Le gouvernement a également commencé à communiquer un deuxième chiffre – plus fiable selon les experts – compilé par l’Office for National Statistics et basé sur l’inscription de Covid sur le certificat de décès d’un patient.

Mais des inquiétudes ont commencé à émerger quant à l’exactitude de ce chiffre également. Les certificats de décès énumèrent systématiquement les causes directes du décès – la condition spécifique qui a tué cette personne, comme une pneumonie ou une septicémie, et ce qui a conduit à l’apparition de cette condition ou de cet événement fatal, comme une infection virale.

Ils peuvent également énumérer d’autres conditions qui auraient pu contribuer à la mort de cette personne – par exemple, si elle souffrait d’une maladie pulmonaire à long terme, ou de diabète, qui rendait le patient vulnérable.

Ces détails sont essentiels, car on a longtemps su que la fragilité et les conditions préexistantes rendaient les gens beaucoup plus susceptibles de mourir du Covid. On craignait que les personnes décédées en raison de problèmes de santé à long terme, mais qui avaient pris du Covid en cours de route, ne soient comptabilisées dans les statistiques officielles. Il s’agirait d’une déformation de la vérité.

Au début de l’année 2021, les vérifications de l’Office for National Statistics ont montré qu’environ 90 % des décès liés au Covid qu’il a signalés étaient morts directement de la maladie – ce qui signifie que le Covid figurait comme cause principale sur leurs certificats de décès, et pas simplement comme facteur contributif.
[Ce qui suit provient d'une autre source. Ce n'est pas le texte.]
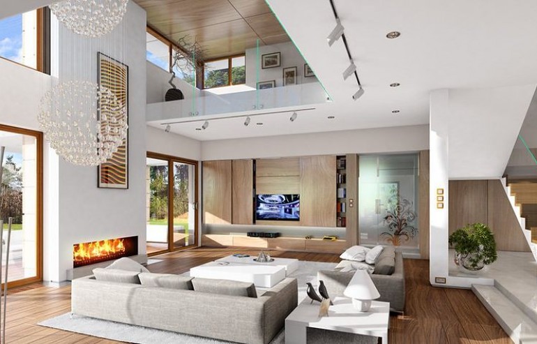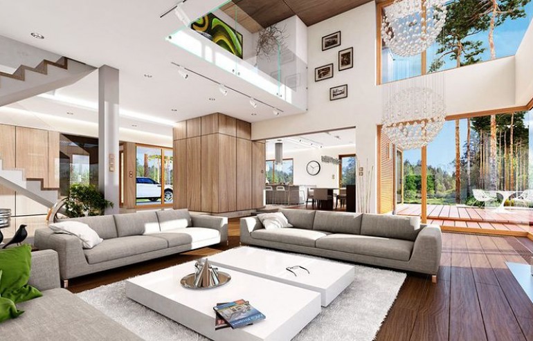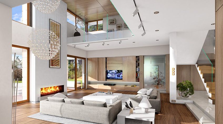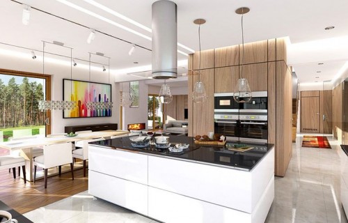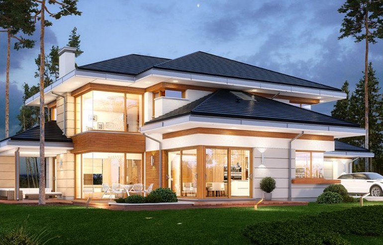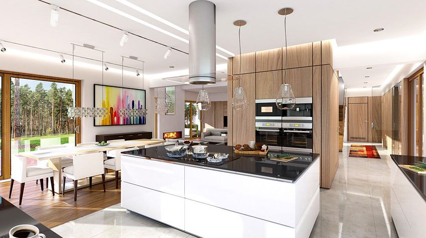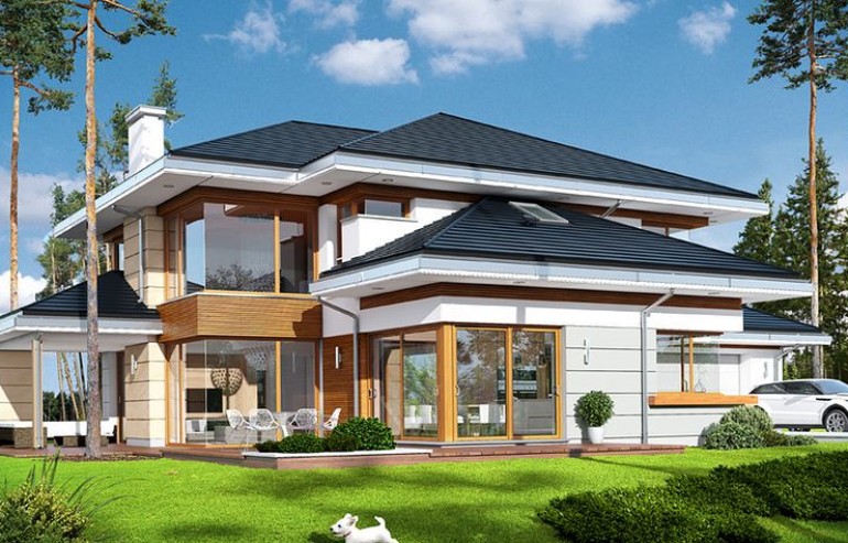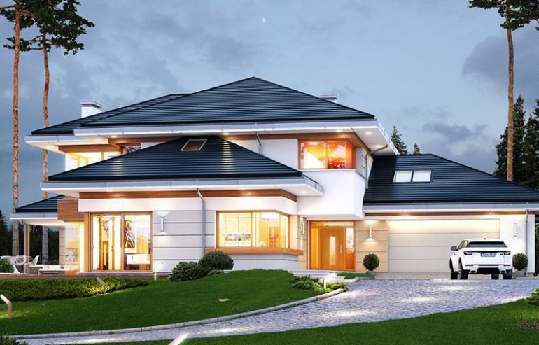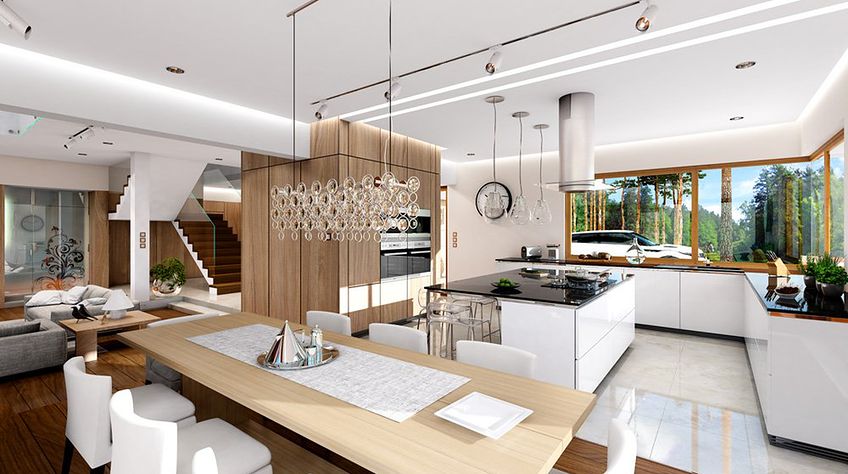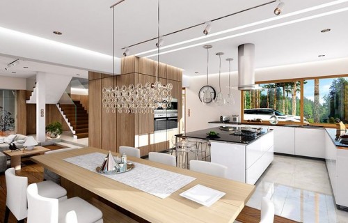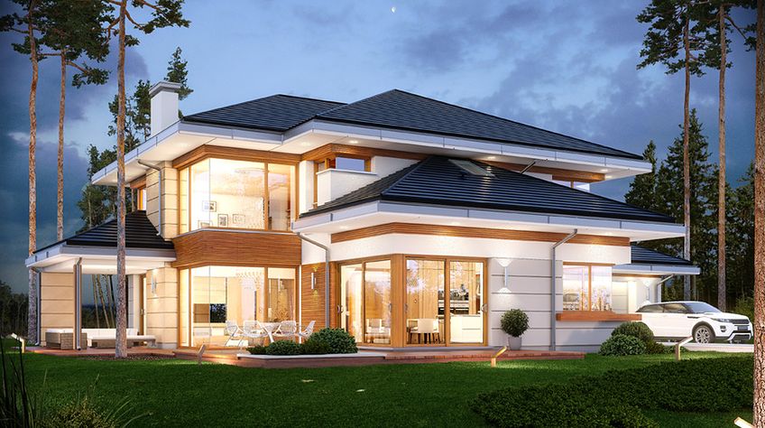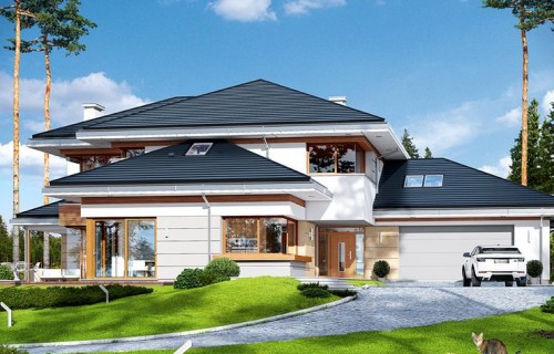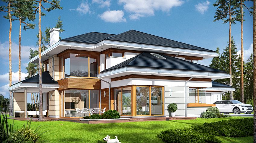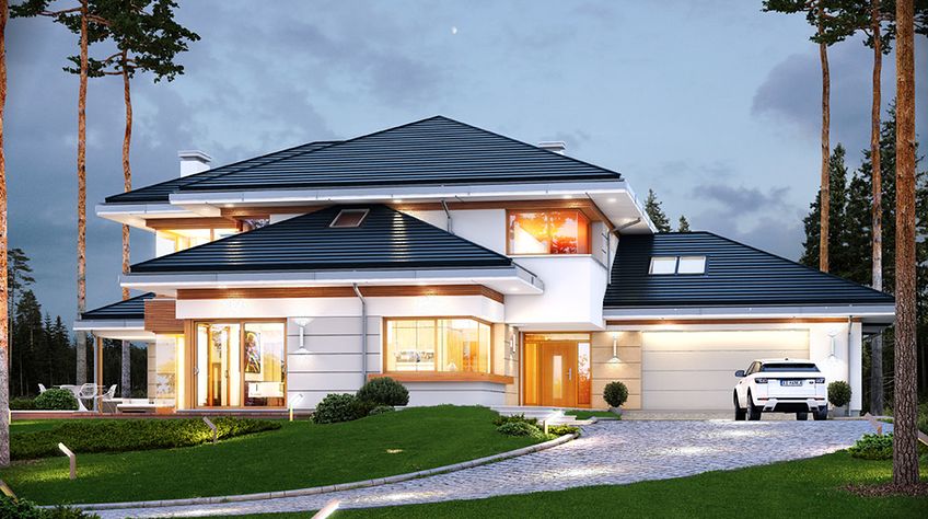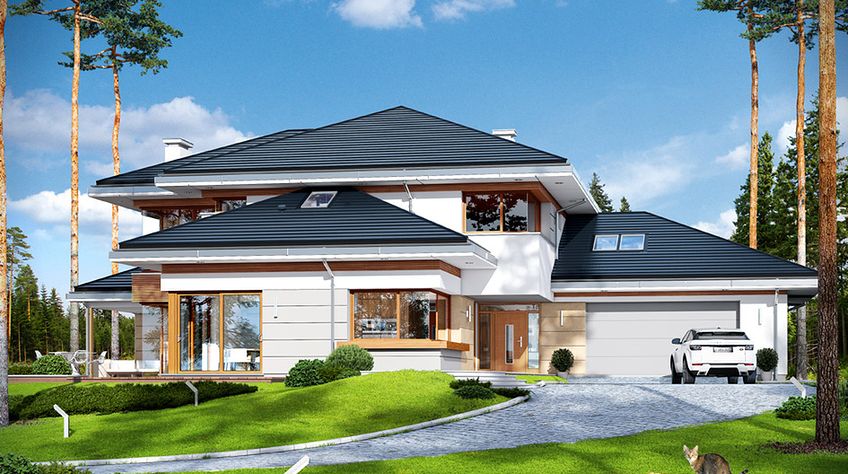 House plan The house with a view is intended for a medium-wide plot of land. The house is characterized by an L-shaped body, which allows it to be easily divided into zones. In this project, the ridge is located perpendicular to the road, which is important from the point of view of development conditions in a given area. The house has been designed with free-standing buildings in mind. The design proposes a double garage in the line of the building. It is also a great proposition for those looking for a house with an envelope roof that looks great. The House with a View project is a two-story house, which allows us to develop a larger area. The author of the project provided for an interesting day zone in it. An open kitchen is a solution that offers many arrangement possibilities, both modern and traditional. The table in the kitchen is an extremely functional solution that adds charm to it. Additionally, the planned pantry is the perfect place to store preserves and food supplies. The day zone is also created by a spacious living room and dining room. Additionally, the living room has a fireplace, which gives the interior a unique atmosphere. The project includes one comfortable bathroom on the ground floor and two additional bathrooms on the first floor. The night area consists of four bedrooms, which are perfect for a family of 4-6 people. The space can also be used as a guest room or office. The undoubted advantage of the design is a functional wardrobe. In addition to this, there is also a utility room in the house that can be used according to your needs. The mezzanine included in the design gives the interior a unique character. The impressive terrace allows you to come into contact with nature without too far away from the privacy of your home. The project was created for investors who plan to build a house in brick technology. Its shape shows solutions referring to the modern style and will perfectly fit into the trends of newly developed housing estates.

Mais le rapport de Collateral Global a maintenant jeté le doute sur ces données. Il a découvert plus de 1 500 cas, dans huit hôpitaux britanniques, où Covid était la seule chose mentionnée sur le certificat de décès. L’épidémiologiste Professeur Tom Jefferson, co-auteur du rapport, qualifie cette situation d' »invraisemblable« .

Il est bien connu que les décès dus au Covid étaient beaucoup plus probables chez les personnes souffrant de pathologies sous-jacentes, telles que les maladies cardiaques ou la démence, et il ajoute donc : « Cela signifie que nous ne pouvons pas faire confiance à ce qui est écrit sur ce certificat« .

Le manque de tests lors de la première vague de la pandémie a peut-être aggravé les problèmes. Une étude menée par des chercheurs de l’Université d’Édimbourg, portant sur 80 000 patients atteints de Covid et admis dans 247 hôpitaux britanniques entre mars et août 2020, a révélé que dans près d’un tiers des cas, aucun test PCR de confirmation n’avait été effectué.

Des médecins travaillant sur la ligne de front du NHS (WIKI) pendant la première et la deuxième vague ont déclaré au Mail on Sunday avoir été les témoins directs de rapports médicaux inexacts.

Un spécialiste des soins intensifs des Midlands a déclaré : « L’accent était mis sur le Covid parce que tout le monde en avait peur.

Très souvent, les médecins supposaient que le virus était responsable de la maladie, plutôt que quelque chose d’autre.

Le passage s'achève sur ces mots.